What is being asked:
Reproduce, unchanged, the lines between the one holding "近一個月 YouTube 訂閱者黏著度" and the last line of the records, including both ends, but no pictures.

---+---

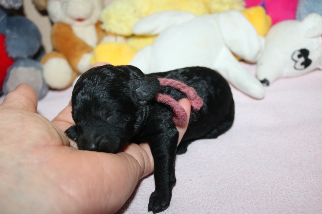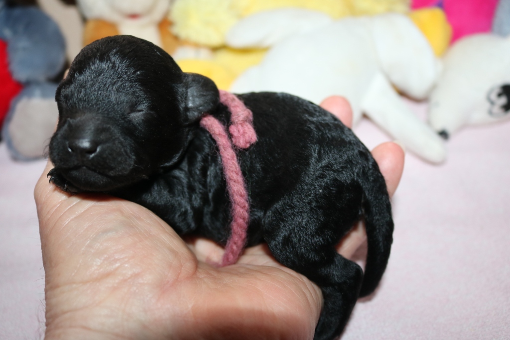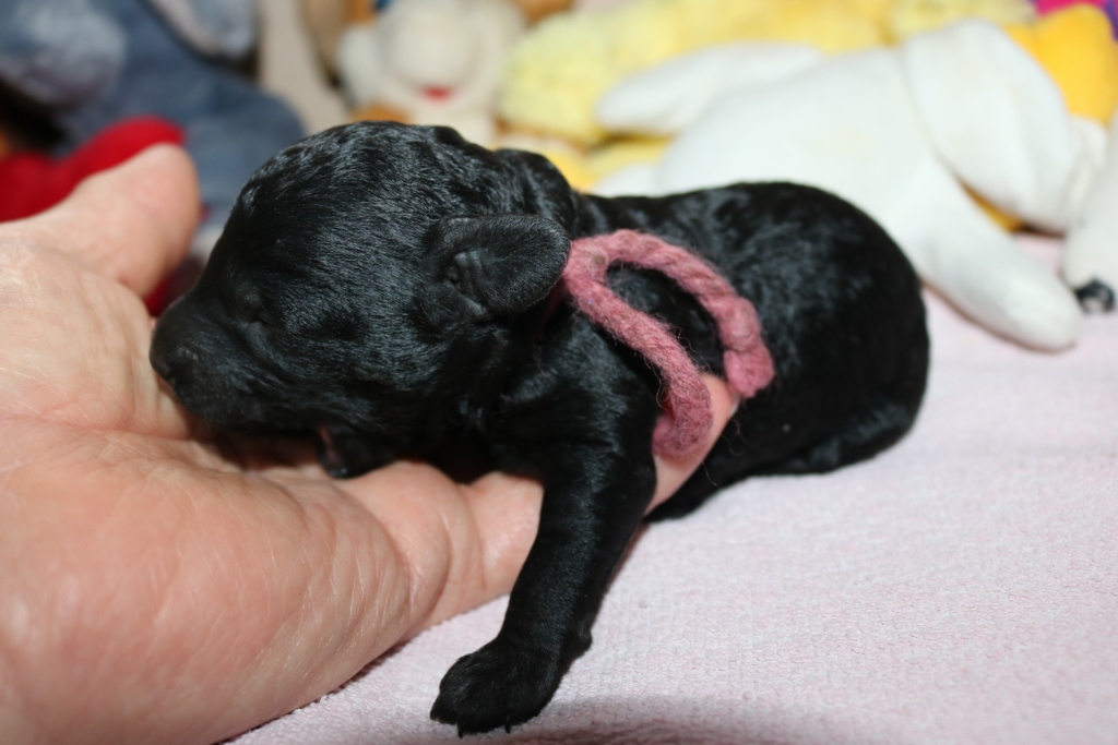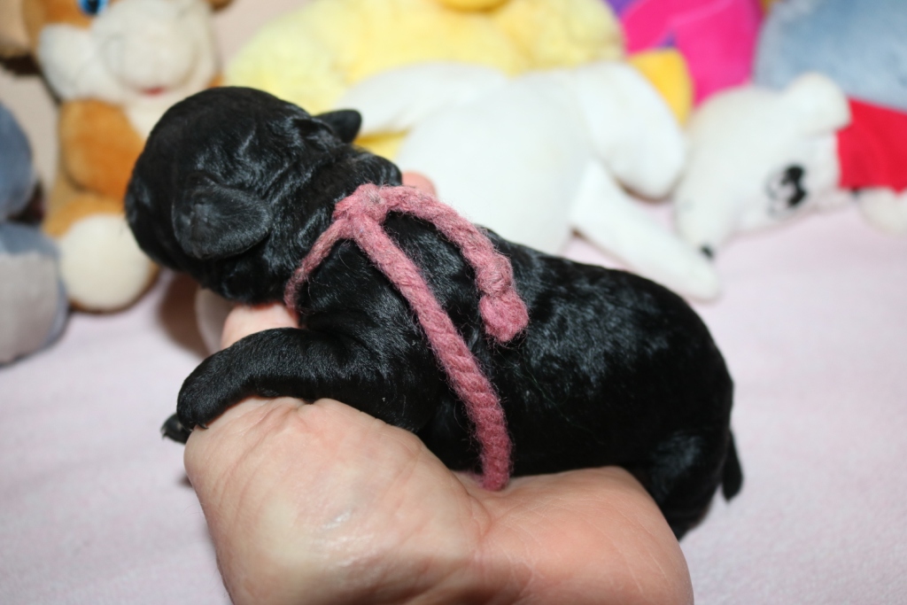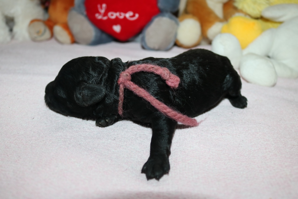 Hanna, Hündin, schwarz, Gewicht 321 g, Gesamt- zunahme 136 g, rosa Band
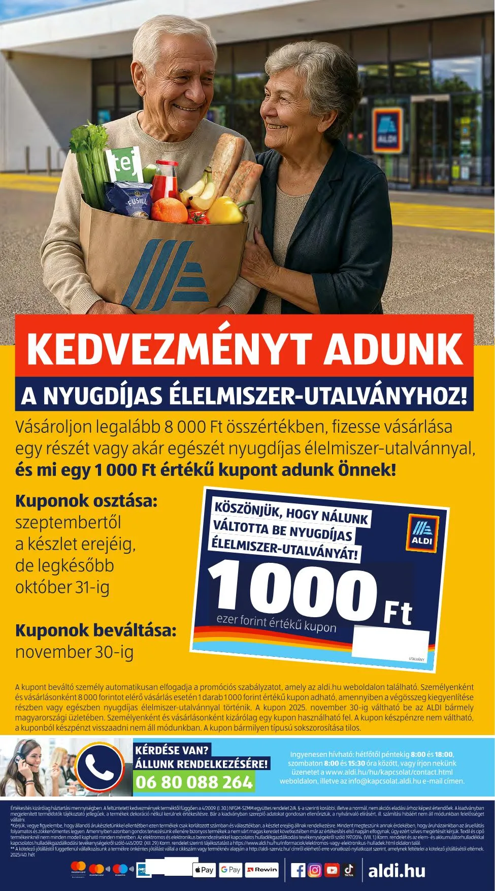 A kupont beváltó személy automatikusan elfogadja a promóciós szabályzatot, amely az aldi.hu weboldalon található. Személyenként és vásárlásonként 8 000 Ft forintot elérő vásárlás esetén 1 darab 1 000 Ft értékű kupon adható, amennyiben a végösszeg kiegyenlítése részben vagy egészben nyugdíjas élelmiszer-utalvánnyal történik. A kupon 2025. november 30-ig váltható be az ALDI bármely magyarországi üzletében. Személyenként és vásárlásonként kizárólag egy kupon használható fel. A kupon készpénzre nem váltható, a kuponból készpénzt visszaadni nem áll módunkban. A kupon bármilyen típusú sokszorosítása tilos.
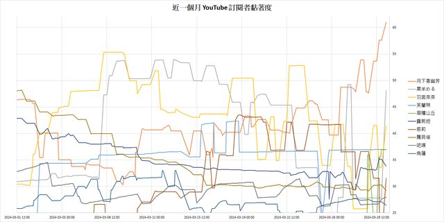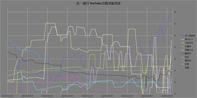 近一個月 YouTube 訂閱者黏著度 [2] 前 10 名:
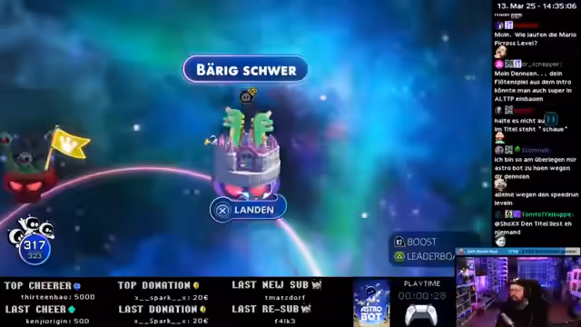 00:18:20Der Streamer beginnt mit dem Versuch, in das ASTROBOT-Speedrun-Level einzusteigen. Er hat vor, das Level so früh wie möglich zu starten, prüft zuvor, ob ein Update vorhanden ist, und gibt zu, dass er unsicher ist, wie gut er darin sein wird. Er äußert sich zu den bereits existierenden Speedrun-Levels, die er als "insane" und "geil" bezeichnet, und möchte das neue Level "Jamboree" ausprobieren, welches er als "mit Abstand das Beste" betrachtet.
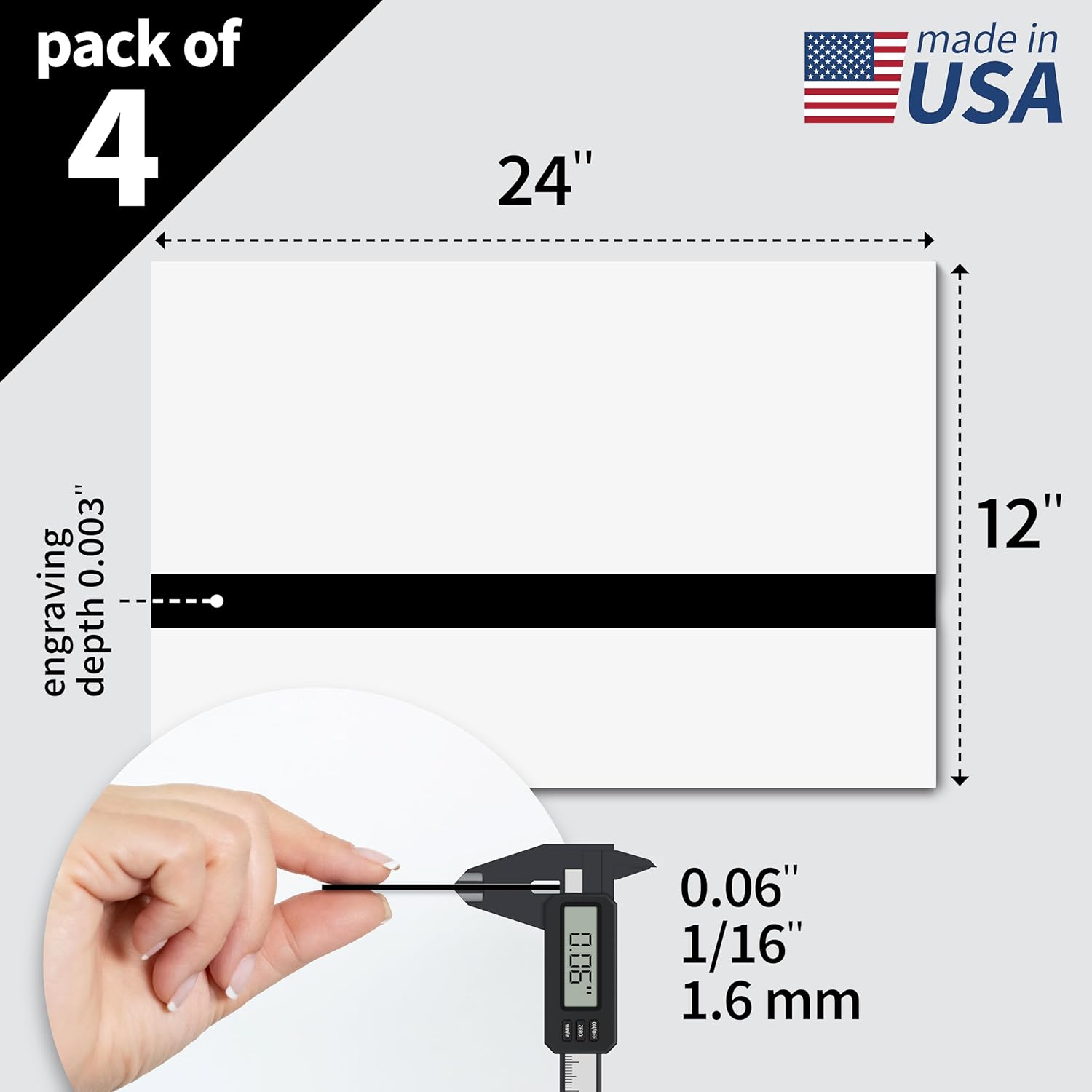 - Technical Data: Size: 12"x24.25" | Thickness: 0.06” (1/16", 1.6 mm) | Engraving depth: 0.003" (0.8 mm) | Top Color: White (RAL 9002) | Core Color: Black (RAL 7021) | Transmittance: Opaque

---+---

Response to the task:
 近一個月 YouTube 訂閱者黏著度 [2] 前 10 名:
 00:18:20Der Streamer beginnt mit dem Versuch, in das ASTROBOT-Speedrun-Level einzusteigen. Er hat vor, das Level so früh wie möglich zu starten, prüft zuvor, ob ein Update vorhanden ist, und gibt zu, dass er unsicher ist, wie gut er darin sein wird. Er äußert sich zu den bereits existierenden Speedrun-Levels, die er als "insane" und "geil" bezeichnet, und möchte das neue Level "Jamboree" ausprobieren, welches er als "mit Abstand das Beste" betrachtet.
 - Technical Data: Size: 12"x24.25" | Thickness: 0.06” (1/16", 1.6 mm) | Engraving depth: 0.003" (0.8 mm) | Top Color: White (RAL 9002) | Core Color: Black (RAL 7021) | Transmittance: Opaque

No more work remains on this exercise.